A study by the American College of Cardiology took a look at 950 older (not defined) individuals of varying weights and BMI’s, using non-invasive echocardiograms to detect any signs of changes to the subjects’ left ventricular structure and function. The results showed a 4% increase in risk for abnormal heart function for every point increase. This should not be surprising when you consider your heart has the all-important job of moving oxygenated blood to all your organs. The larger you are, the more blood your body has to pump. The more blood you have to pump the harder your heart has to work. So if you are obese at 30, even if you don’t gain any weight after that, your odds of on-going health problems grow exponentially as you get older.

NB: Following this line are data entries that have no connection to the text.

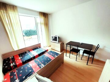 Предлагаме за продажба много изгодно студио в комплекс „Съни Дей 6“, намиращ се на 3 км разстояние от курорта Слънчев бряг, на тихо и уединено място. Той е част от веригата комплекси „Съни Дей“ и разполага с многобройни удобства. Сред тях са открит плувен басейн с детска секция, богато озеленена територия, зони за отдих и слънчеви бани, детска площадка, денонощна охрана и видеонаблюдение, паркинг и поддръжка. За любителите на спорта има тенис корт, футболно игрище, спортни площадки.
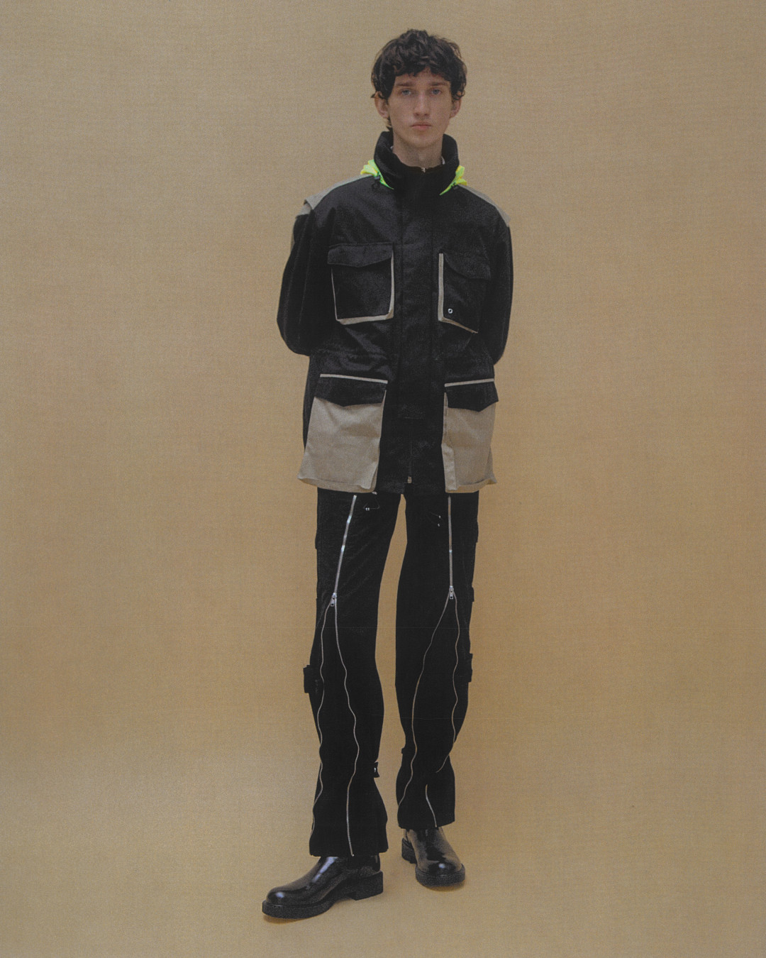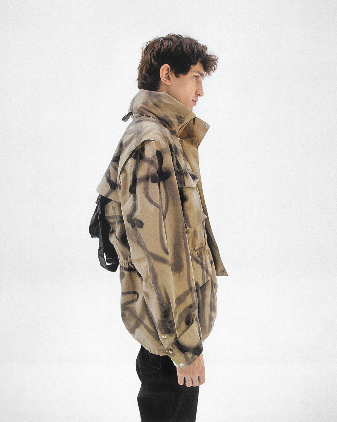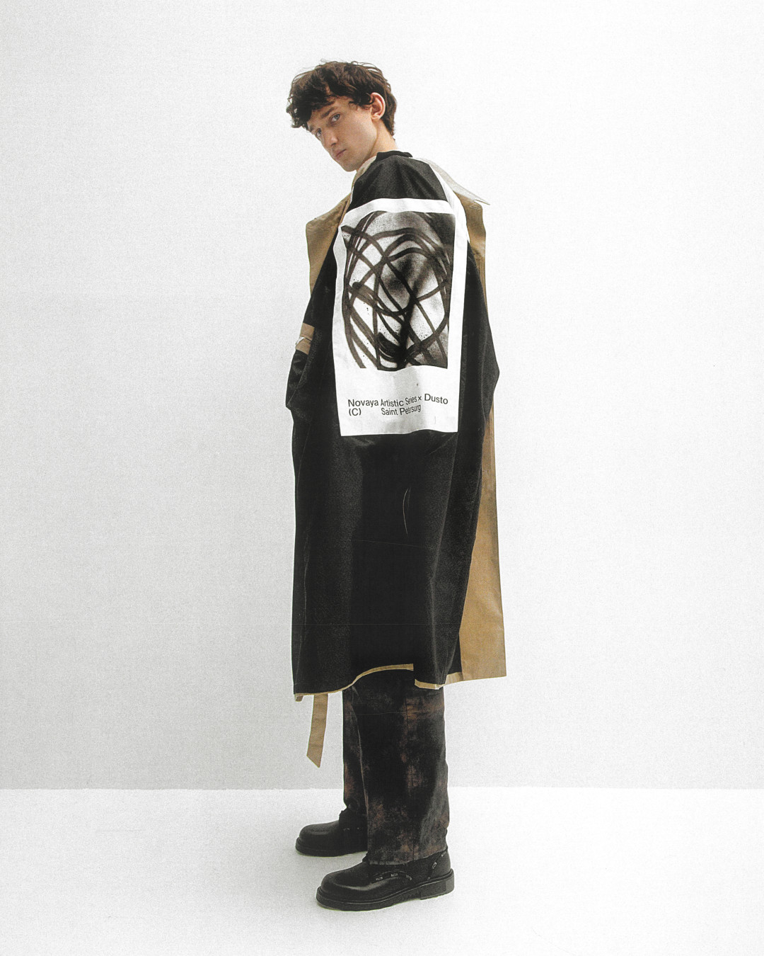 В нее вошли рубашка, тренч и куртка field jacket, украшенные абстрактными работами в технике action painting авторства Никиты Dusto. Капсула создана из стоковых материалов люксовых фабрик — плотного твил-хлопка базовых оттенков: бежевого, черного, оливкового и молочного. В каждую вещь вшита работа Dusto, нарисованная спреем на куске белой ткани.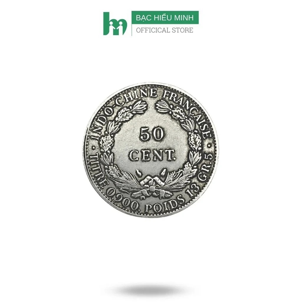 Đồng Xu Hoa Xòe Đánh Gió Đông Dương Hình Bà Đầm Cũ Bạc Ta 50 Cent BẠC HIỂU MINH DDD002C

How Much Do You Need to Lose?
The best news is many of the conditions which are caused by obesity can be greatly reduced or eliminated by simply making the commitment to get healthier by making better food choices and moving more. In fact, Dr. Samuel Klein at Washington University School of Medicine in St. Louis researched the benefits when 19 participants who were considered obese lose 5% and more of their weight. “Our findings demonstrate that you get the biggest bang for your buck with 5% weight loss,” Klein says. “If you weigh 200 pounds, you will be doing yourself a favor if you can lose 10 pounds and keep it off. You don’t have to lose 50 pounds to get important health benefits.” The younger you are when you make this commitment, the better your chances for a longer, healthier life.
Make the Choice
When you make the decision to lose weight, it is always a good idea to visit your physician and devise the best plan for the shape you are in. Start small and set attainable goals with realistic expectations. Remember – you can do this, and you are worth it!